Hoje consigo perceber que aquela terá sido uma estratégia desajeitada e desesperada para me atrair. Na altura foi a gota de água: eu não era um objecto que ele podia comprar. Eu não estava à venda.

Onde estava a Justiça?

Na minha cabeça, o meu pai era um monstro. Agora olho para trás e não sei dizer por que tinha tanto medo dele – na verdade, o único mal que o meu pai me fez foi não ter lutado por mim. Ele diz-me que lutou. Durante um, dois, três anos, não sei. Culpa-me por eu me ter afastado, diz que fez o que lhe era possível. Mas o que é isso, o possível? Há limites para o período durante o qual um pai deve lutar pelos seus filhos? Há um ponto a partir do qual é legítimo um pai desistir?

E quando ele desiste? Às vezes pergunto-me: a minha mãe terá tido noção do momento em que isso aconteceu? Terá cantado vitória? As pessoas têm de ter consciência disto: muito antes de a guerra entre os membros de um casal terminar já há derrotados: os filhos.

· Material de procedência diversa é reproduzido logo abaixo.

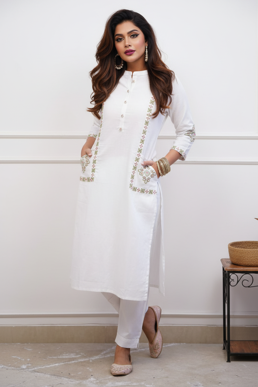Wrapped In White Cotton Kurti Set
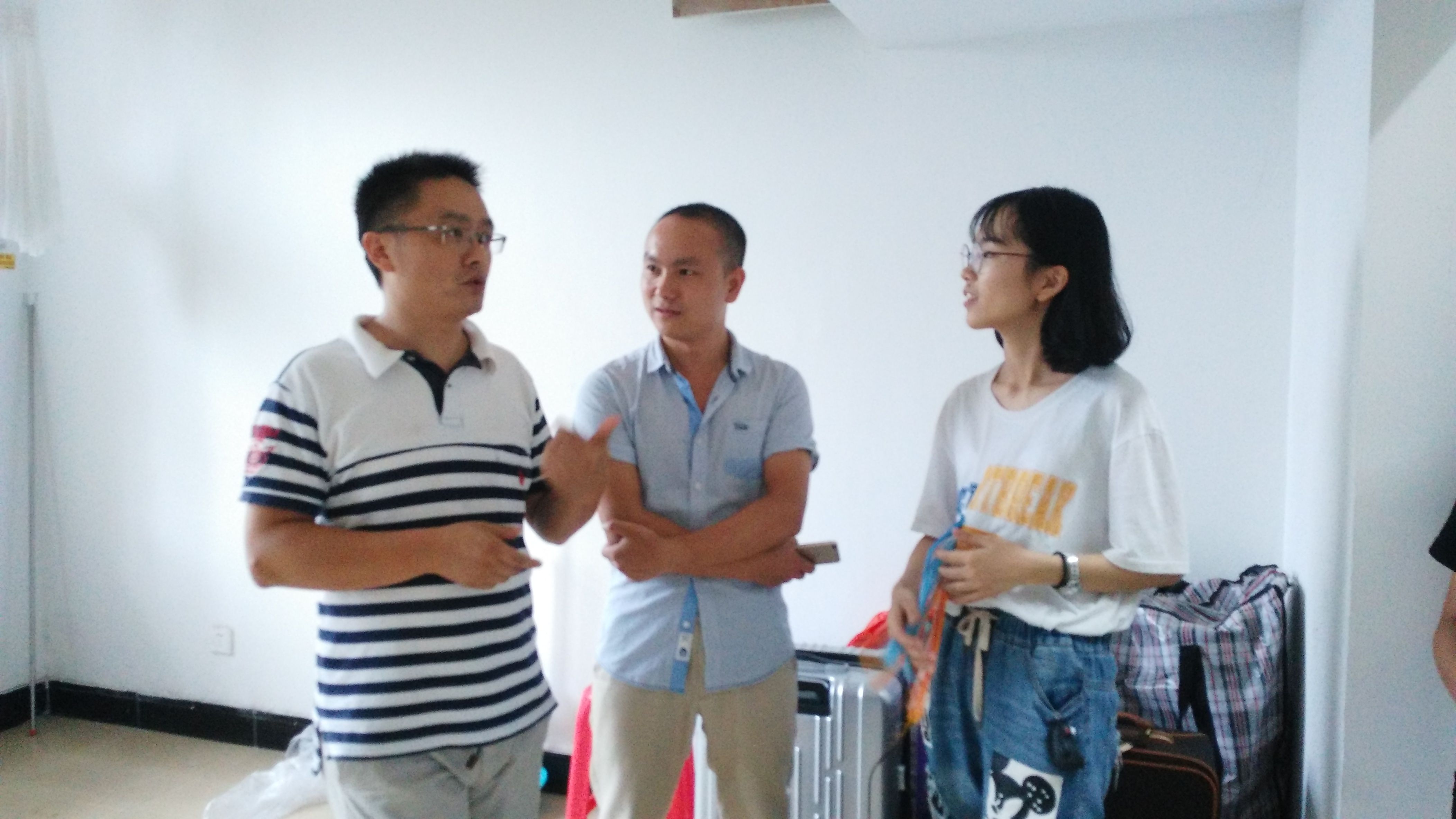 报到当天,学院领导和新生辅导员一道走进学生宿舍看望新生,与同学们进行面对面交流,了解同学们的入学状态。他们对新同学的到来表示热烈欢迎,希望各位同学能尽快适应不一样的学习模式与生活环境,同时提高防范意识,保护自身人身财产安全,与班级同学、寝室室友处理好人际关系,在和谐的氛围中共同学习成长。
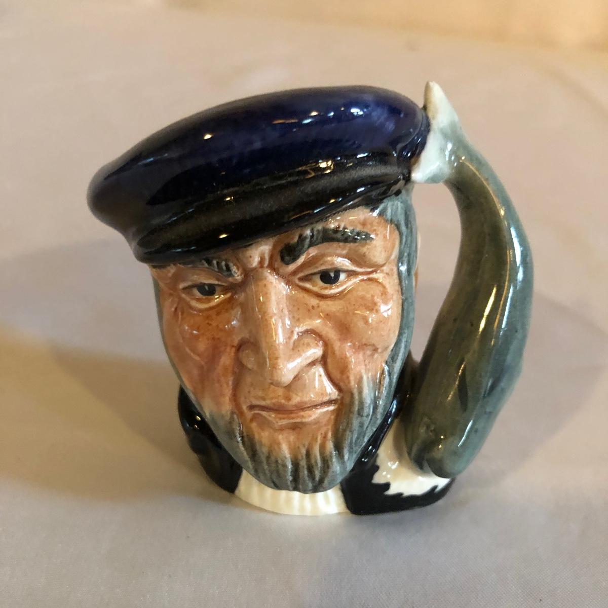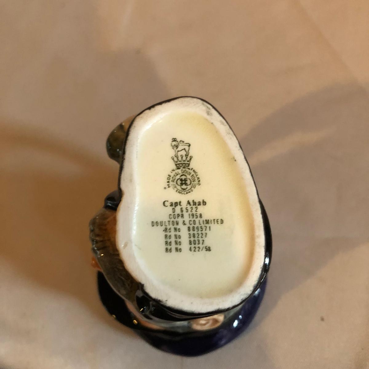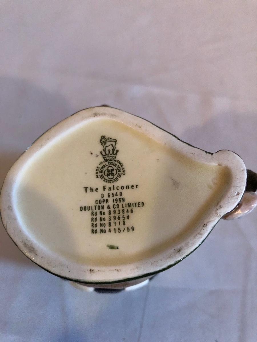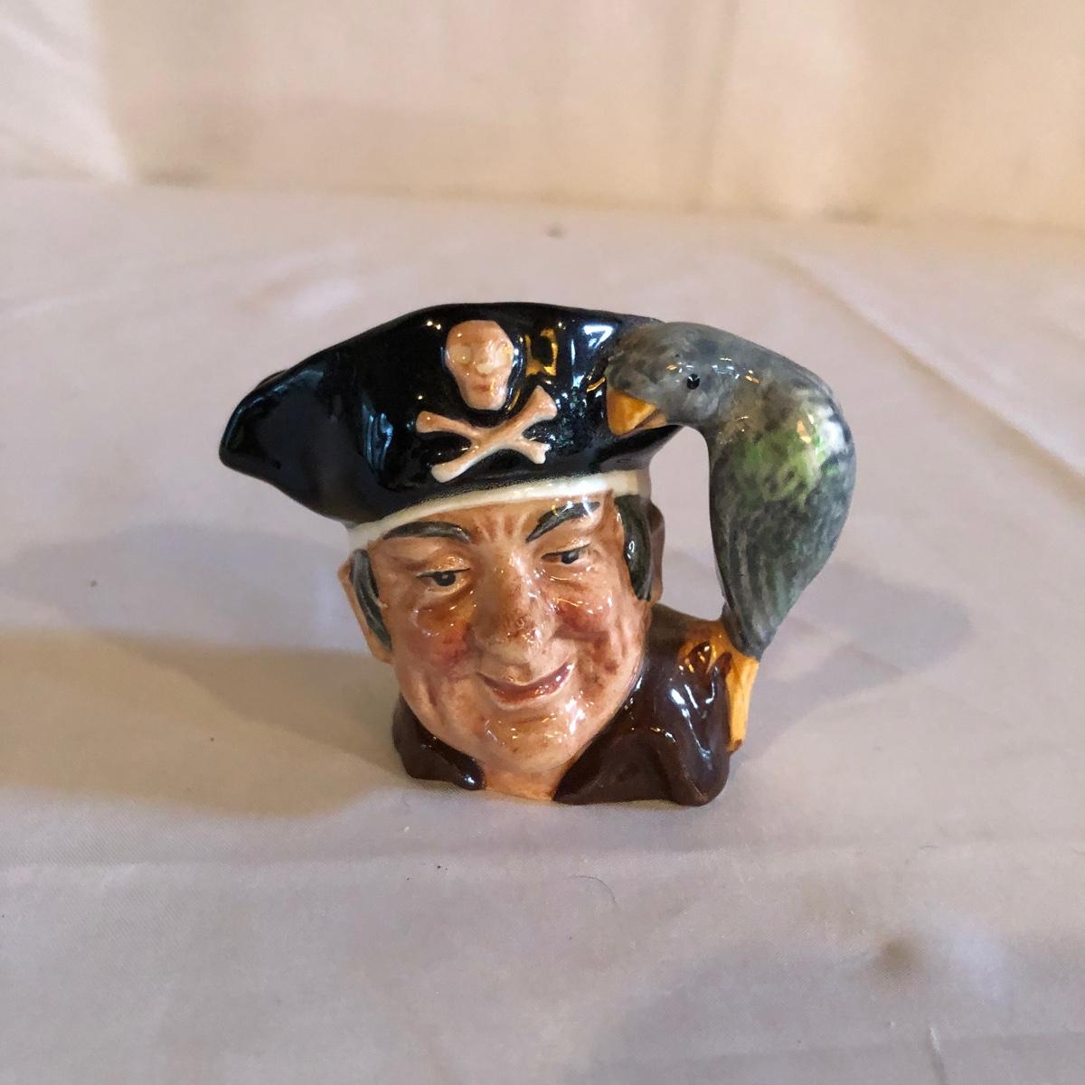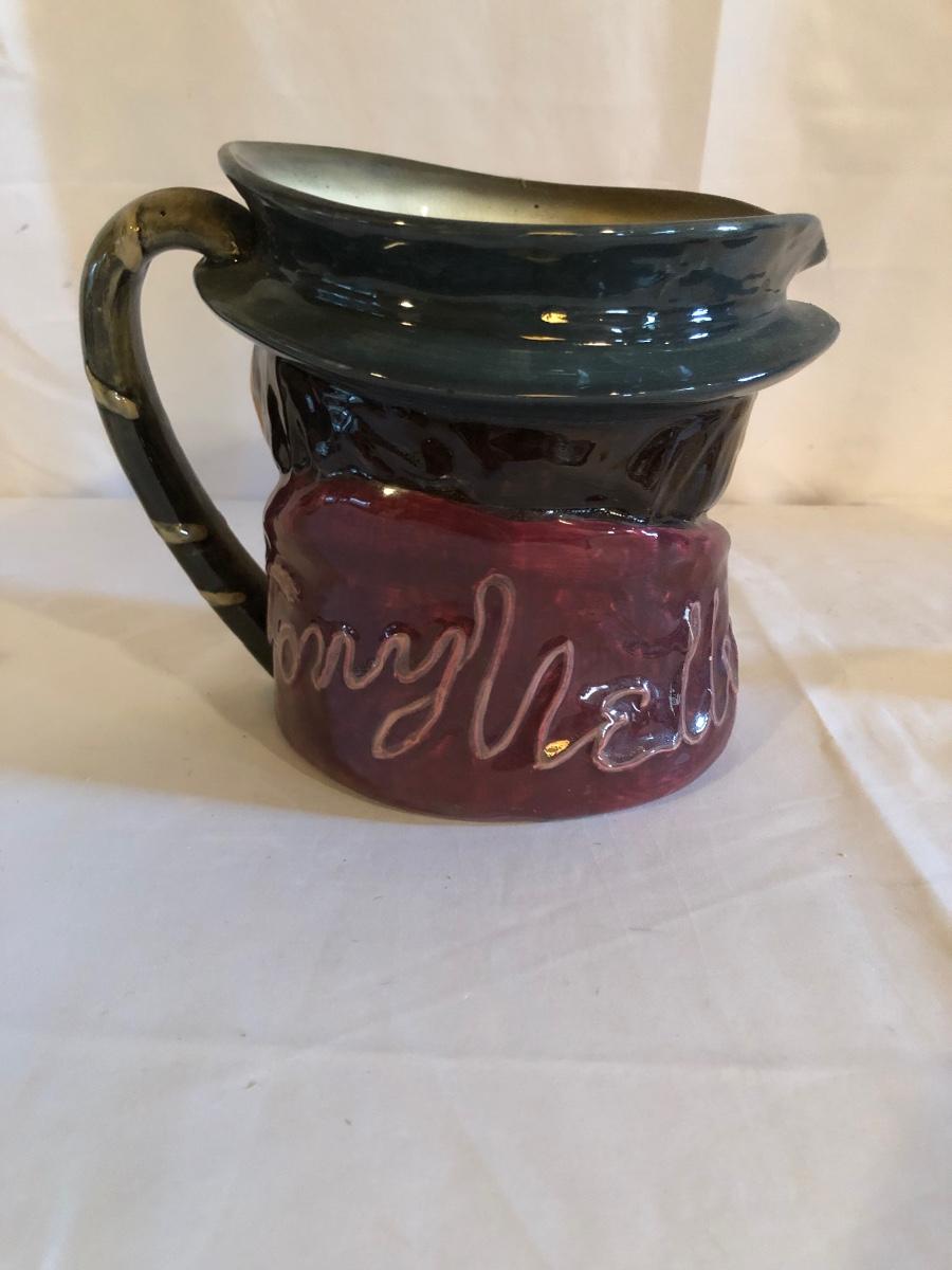 Lot includes Tony Weller mug, The Falconer mug, Pied Piper mug, Captain Ahab mug and Long John Silver Mug. All are Marked Royal Doulton. Largest mug measures 7” x 8” x 6.5”.
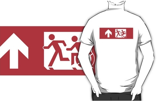 Accessible Exit Sign Project Wheelchair Wheelie Running Man Symbol Means of Egress Icon Disability Emergency Evacuation Fire Safety Adult T-shirt 516
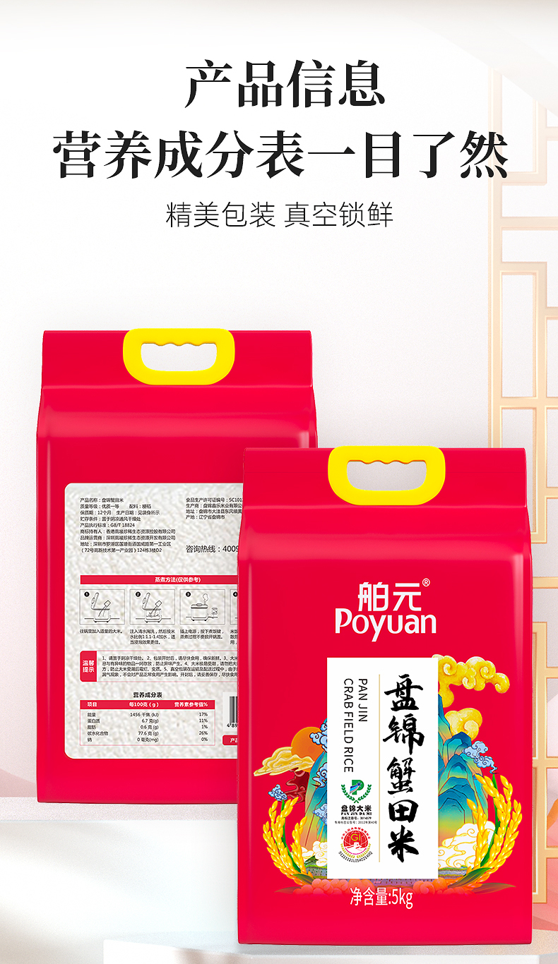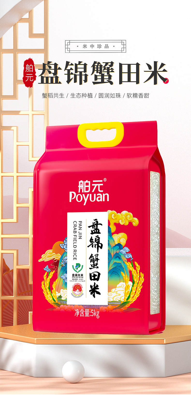 舶元东北大米生态米蟹稻共生珍珠米圆粒米真空家庭装 5kg 蟹稻东北大米5kg 单位:袋 枫叶色

Se não há pai (ou mãe), há a falta do pai (ou da mãe) e o que essa falta provoca em nós: a sensação de que não temos valor; a certeza de que, se não merecemos ser amados pelos nossos pais, não merecemos ser amados por mais ninguém; o medo que nasce da ideia de que, se um dos nossos pais nos abandona, mais cedo ou mais tarde seremos abandonados por toda a gente.

O resultado é uma vida de inseguranças e de medos. Tenho 25 anos, já não tenho 14, e não consigo falar disto sem sentir uma dor física, intensa, no peito, que eu sei que não passará nunca. E, no entanto, sou privilegiada: pude fazer psicoterapia e neste momento, embora há muito pouco tempo, tenho a minha história resolvida dentro de mim. O que não quer dizer que tenha esquecido. Ou perdoado – não se volta atrás numa relação e isso vale para os dois, para a minha mãe e para o meu pai. Estão no mesmo patamar: um manipulou-me, o outro desistiu de mim.Onde estava a Justiça quando isso aconteceu? Onde estavam as pessoas que sempre que há um divórcio dizem: "Coitadinhas das crianças", "Quem mais sofre são as crianças"? Não quero ser injusta. Sei que é prematuro, que a taxa de divórcios tem vindo a aumentar; que muitos dos filhos não estão em condições de dar o seu testemunho; que é necessário fazer estudos, delinear estratégias. Mas já não é cedo. A realidade está aí e é preciso proteger as crianças e os adolescentes.

Ainda há pouco eu dizia que não era possível obrigar um adolescente a ir ter com o pai. É verdade – não é possível obrigá-lo. Mas é possível convencê-lo, explicar-lhe por que é que deve ir. E se a família não dá resposta a isso, deve ser o Estado a fazê-lo. Através dos tribunais, dos serviços de saúde, dos serviços sociais, seja do que for. Nos casos mais graves, em que a alienação parental é evidente, mas também nos outros, em que o conflito não é tão gritante – em todos eles é preciso ouvir as crianças.

Conheci pessoas que passaram pelo que eu e o meu irmão passámos e a regra é esta: nós, os filhos, não dizemos aos pais o mal que eles nos estão a fazer, não lhes dizemos o quanto estamos a sofrer. Temos medo de os magoar, o que é irónico: tenho a certeza de que até ao fim da minha vida não haverá quem consiga magoar-me mais do que eles me magoaram. E isso não passa. Nem se perdoa.

Texto escrito com base numa entrevista feita a Ana.»